Source records —
----------------
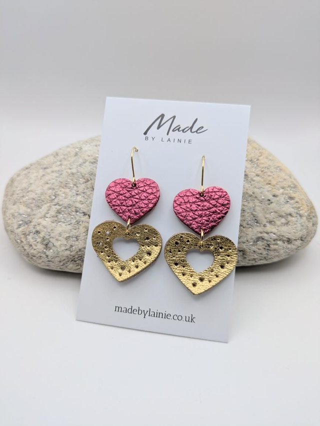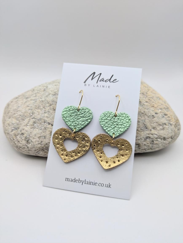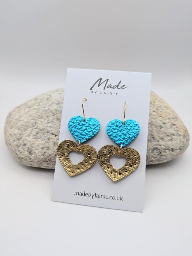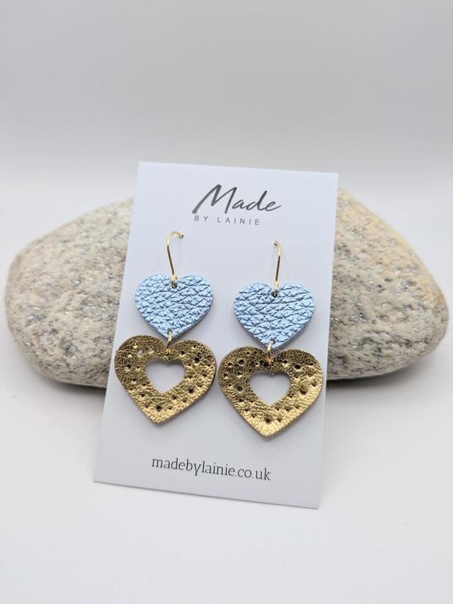 Crafted from beautiful metallic leather, these heart drop earrings are comfortable enough for all-day wear while still offering eye-catching texture and movement. The gold leather heart is delicately perforated with a heart cut-out, adding subtle detail and shine. Perfect for dressing up everyday outfits or adding a special touch to evening wear.
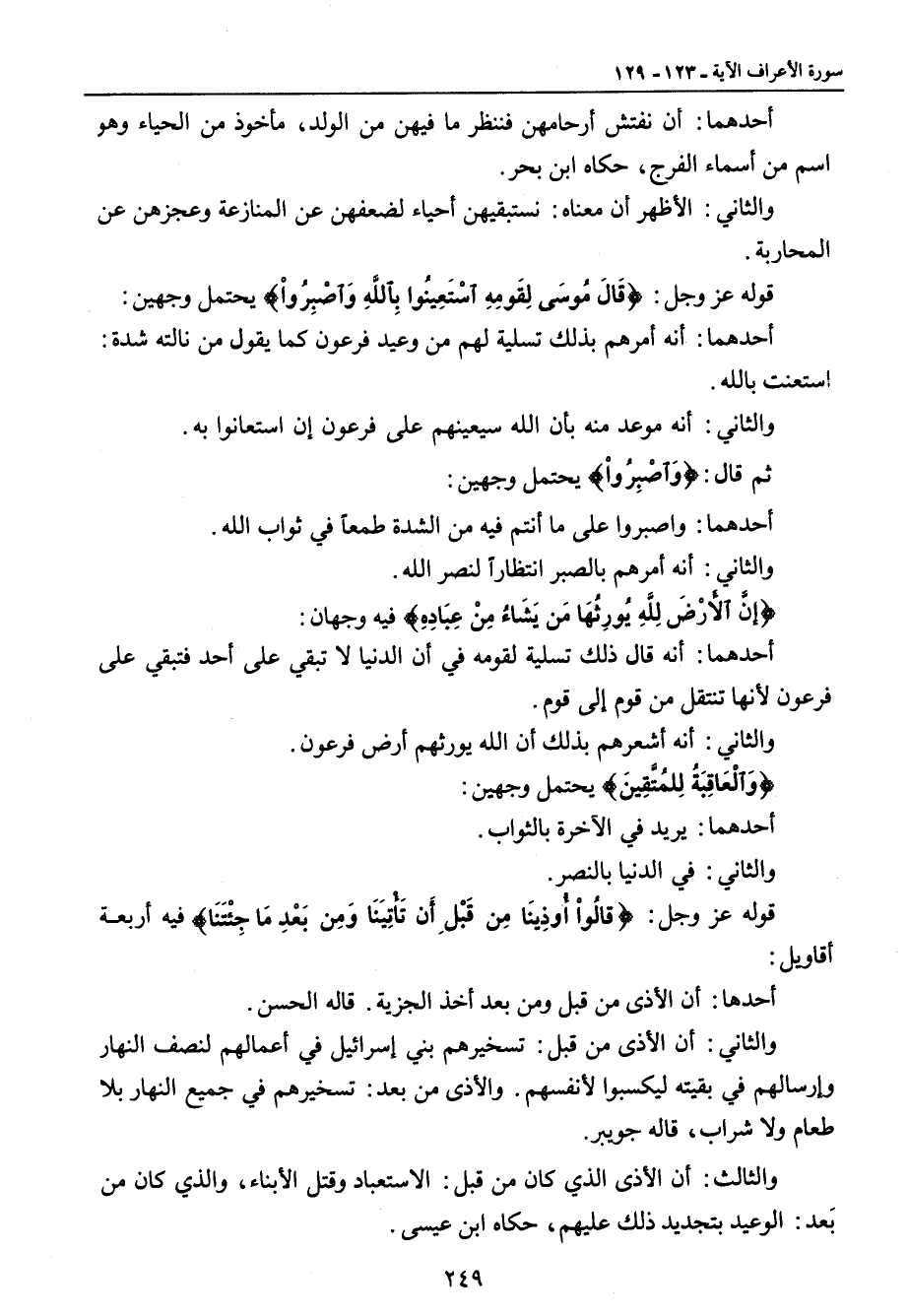 أحدهما: أن نفتش أرحامهن فننظر ما فيهن من الولد , مأخوذ من الحياء وهو اسم من أسماء الفرج , حكاه ابن بحر. والثاني: الأظهر أن معناه: نستبقيهن أحياء لضعفهن عن المنازعة وعجزهن عن المحاربة. قوله عز وجل: {قَالَ مُوسَى لِقَومِهِ اسْتَعِينُوا بِاللَّهِ وَاصْبِرُواْ} يحتمل وجهين: أحدهما: أنه أمرهم بذلك تسلية لهم من وعيد فرعون كما يقول من نالته شدة: استعنت بالله. والثاني: أنه موعد منه بأن الله سيعينهم على فرعون إن استعانوا به. ثم قال: {وَاصْبِرُواْ} يحتمل وجهين: أحدهما: واصبروا على ما أنتم فيه من الشدة طمعاً في ثواب الله. والثاني: أنه أمرهم بالصبر انتظاراً لنصر الله. {إنَّ الأَرْضِ لِلَّهِ يُورِثُهَا مَن يَشَاءُ مِنْ عِبَادِهِ} فيه وجهان: أحدهما: أنه قال ذلك تسلية لقومه في أن الدنيا لا تبقي على أحد فتبقي على فرعون لأنها تنتقل من قوم إلى قوم. والثاني: أنه أشعرهم بذلك أن الله يورثهم أرض فرعون. {وَالْعَاقِبَةُ لِلمُتَّقِينَ} يحتمل وجهين: أحدهما: يريد في الآخرة بالثواب. والثاني: في الدنيا بالنصر. قوله عز وجل: {قالُواْ أُوذِينَا مِن قَبْلِ أَن تَأْتِيَنَا وَمِن بَعْدِ مَا جِئْتَنَا} فيه أربعة أقاويل: أحدها: أن الأذى من قبل ومن بعد أخذ الجزية. قاله الحسن. والثاني: أن الأذى من قبل: تسخيرهم بني إسرائيل في أعمالهم لنصف النهار وإرسالهم في بقيته ليكسبوا لأنفسهم. والأذى من بعد: تسخيرهم في جميع النهار بلا طعام ولا شراب , قاله جويبر. والثالث: أن الأذى الذي كان من قبل: الاستعباد وقتل الأبناء , والذي كان من بَعد: الوعيد بتجديد ذلك عليهم , حكاه ابن عيسى.
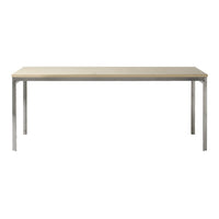The PK55 Table was designed by Poul Kjaerholm in 1957 and features an ash table top with a veneer finish and a satin brushed stainless steel brush. For a larger version, see the PK51 Table.
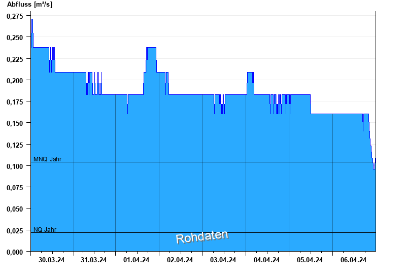 - Mittlerer Niedrigwasserabfluss MNQ 0,104 m³/s
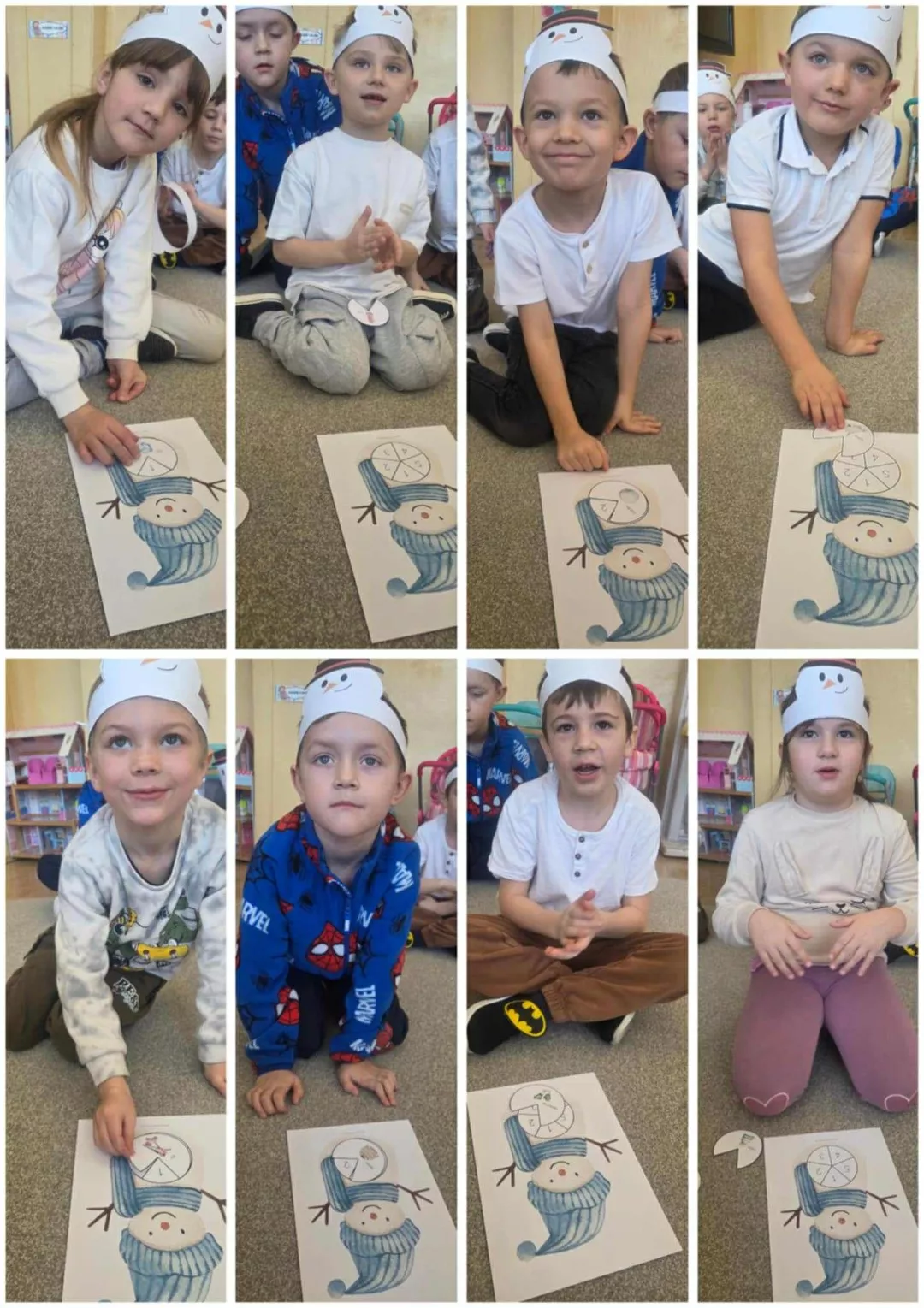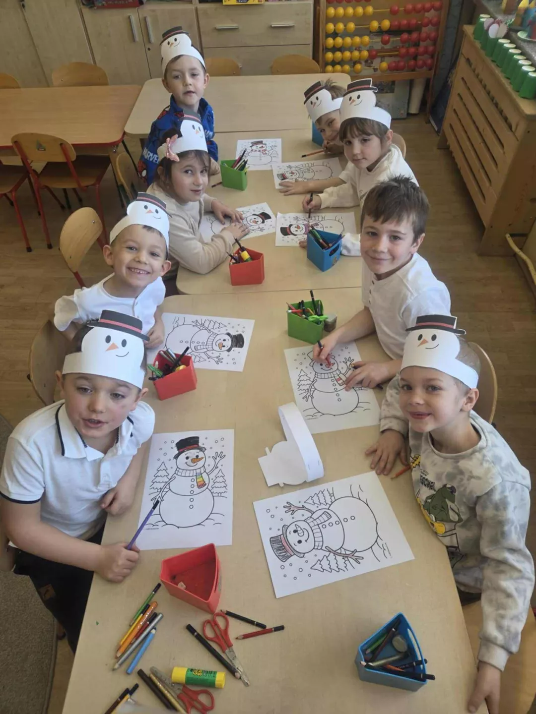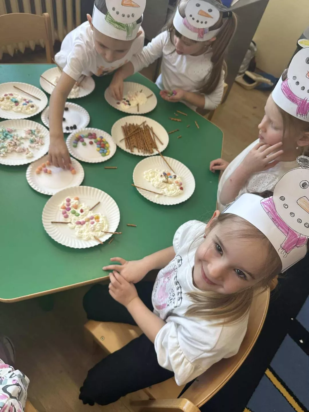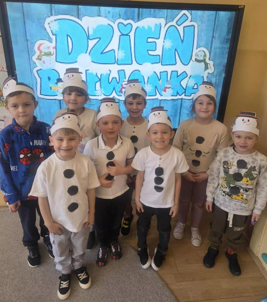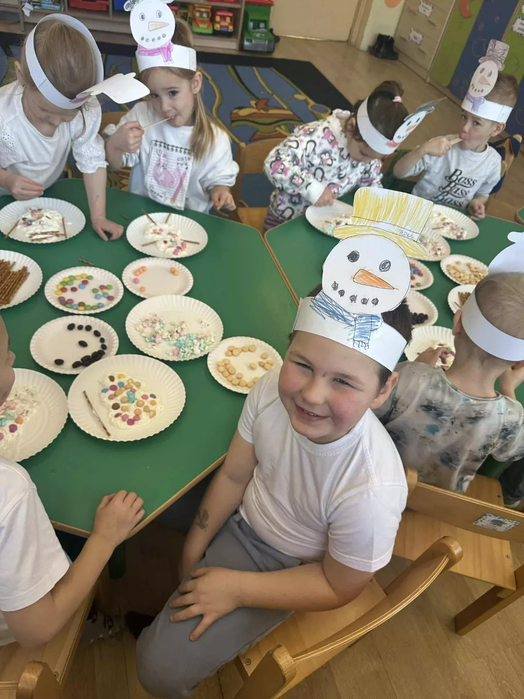 Tego dnia dzieci wykonały opaski na głowę i zamieniły się w małe śniegowe ludki.
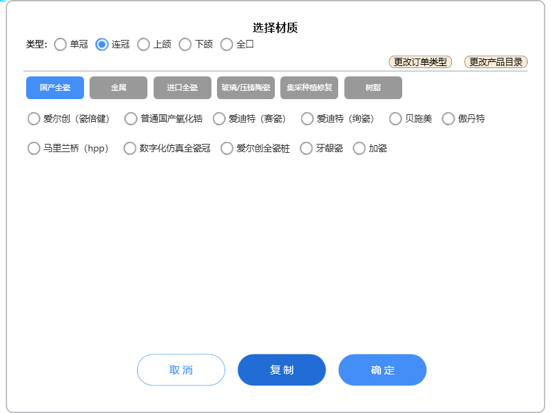 注意:点击【复制】,则会将当前牙位记录以当前材质新建一行记录;点击【确定】,则修改当前记录所有牙位的材质。
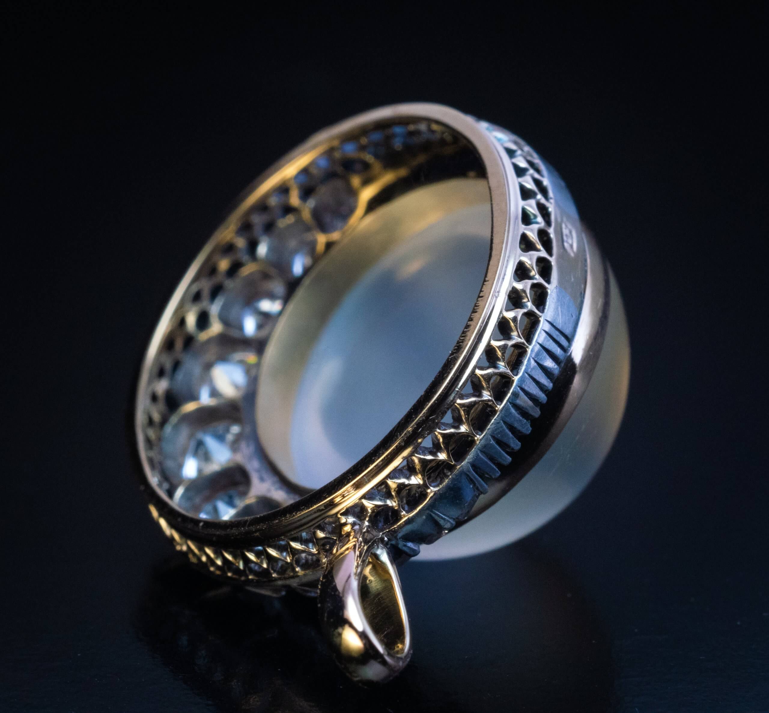 The present example is of particular note for its unusual combination of the crescent motif with a full moonstone. This piece may represent a unique or custom commission.
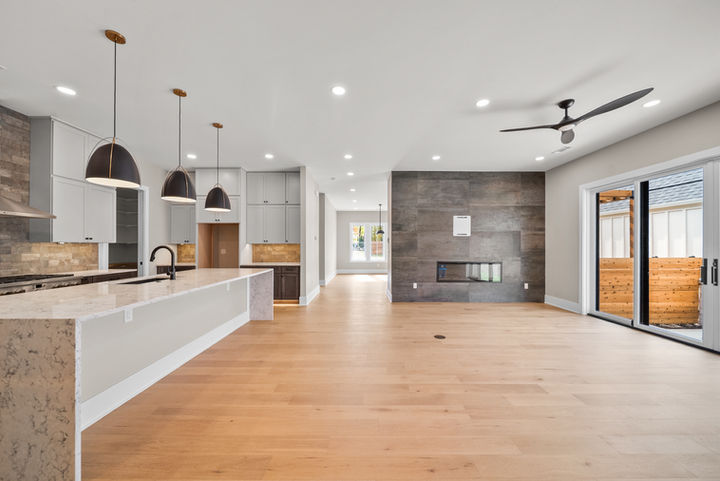 Linear Electric Fireplace in the living room with accent wall (plans vary)
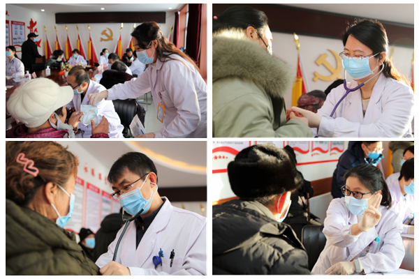 哈医大一院助力脱贫攻坚志愿医疗服务队不仅迎着数九的寒风在夜色中挨家挨户送上药品和温暖,还专门为附近村屯的村医、乡医进行高血压、冠心病、糖尿病等慢性病、老年病的诊治培训,并为村民们进行健康知识普及和康复指导。
----------------
Exercise directions — Please transcribe exactly the lines from the one containing "The present example" through the final line of the data, including both, and nothing else. Pictures are to be left out.

Response area —
 The present example is of particular note for its unusual combination of the crescent motif with a full moonstone. This piece may represent a unique or custom commission.
 Linear Electric Fireplace in the living room with accent wall (plans vary)
 哈医大一院助力脱贫攻坚志愿医疗服务队不仅迎着数九的寒风在夜色中挨家挨户送上药品和温暖,还专门为附近村屯的村医、乡医进行高血压、冠心病、糖尿病等慢性病、老年病的诊治培训,并为村民们进行健康知识普及和康复指导。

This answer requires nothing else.